▸ Provided data:
= Beginning of Section =

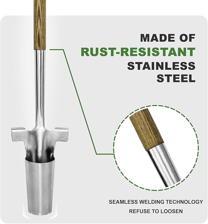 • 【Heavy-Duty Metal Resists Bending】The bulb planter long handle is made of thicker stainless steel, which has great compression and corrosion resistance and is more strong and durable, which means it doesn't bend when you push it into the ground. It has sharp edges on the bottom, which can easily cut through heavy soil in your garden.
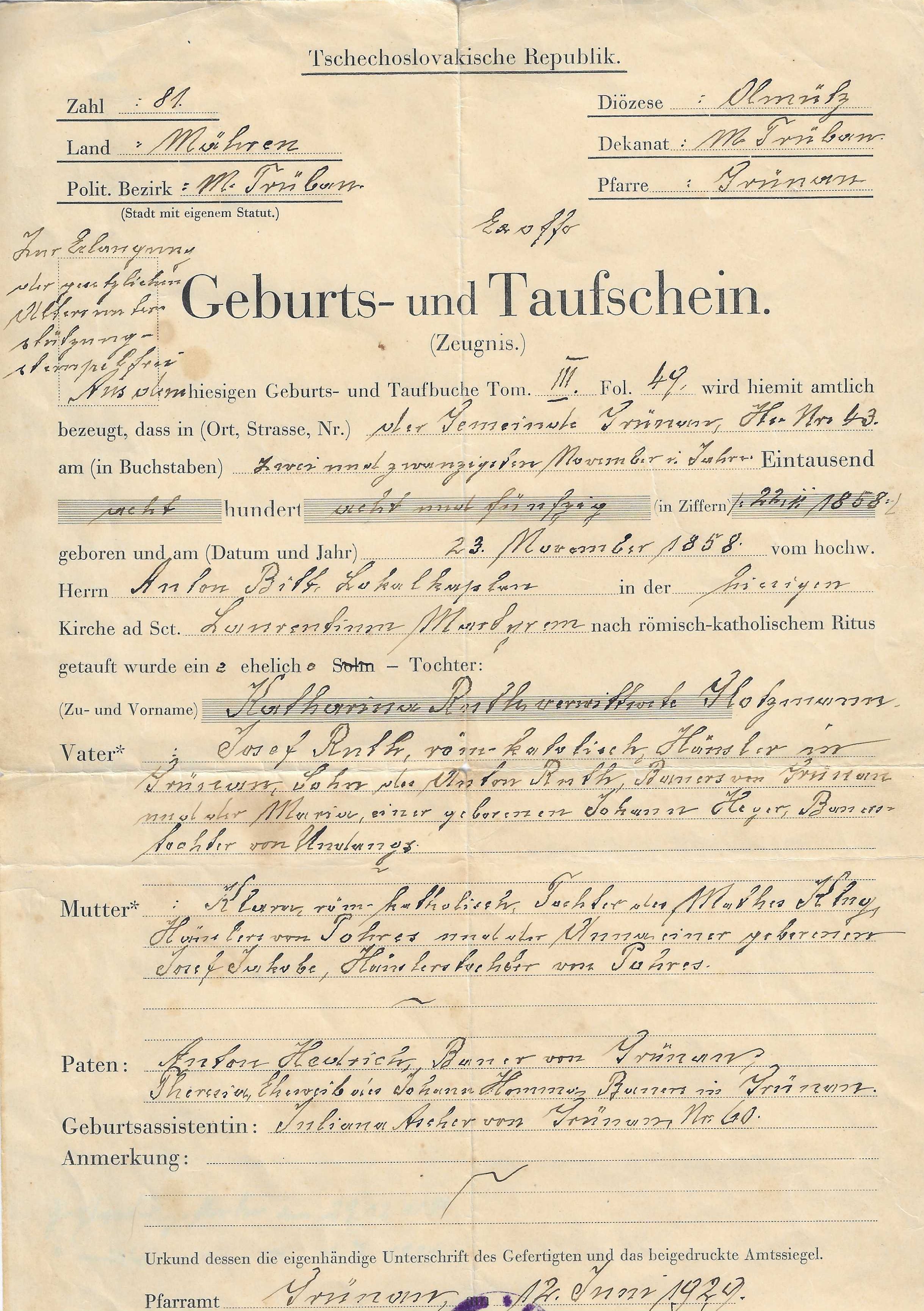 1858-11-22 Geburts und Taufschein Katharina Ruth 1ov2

= End of Section =
= Beginning of Section =

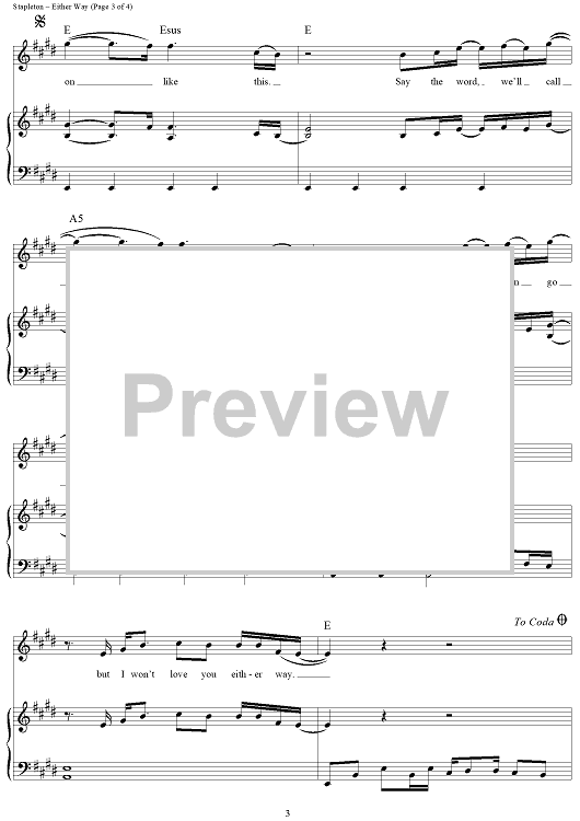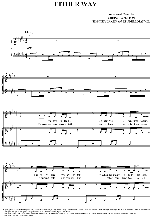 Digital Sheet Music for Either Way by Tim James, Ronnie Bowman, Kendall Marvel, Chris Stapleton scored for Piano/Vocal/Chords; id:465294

= End of Section =
= Beginning of Section =

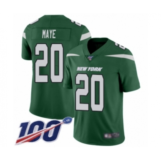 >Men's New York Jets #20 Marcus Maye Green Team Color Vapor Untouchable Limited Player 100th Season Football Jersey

= End of Section =

▸ What this task involves: Only one stretch of the entries above is needed: the lines from the one containing "in your garden." through the one containing "1858-11-22 Geburts und". Copy it exactly, without the pictures.

▸ Final answer:
 • 【Heavy-Duty Metal Resists Bending】The bulb planter long handle is made of thicker stainless steel, which has great compression and corrosion resistance and is more strong and durable, which means it doesn't bend when you push it into the ground. It has sharp edges on the bottom, which can easily cut through heavy soil in your garden.
 1858-11-22 Geburts und Taufschein Katharina Ruth 1ov2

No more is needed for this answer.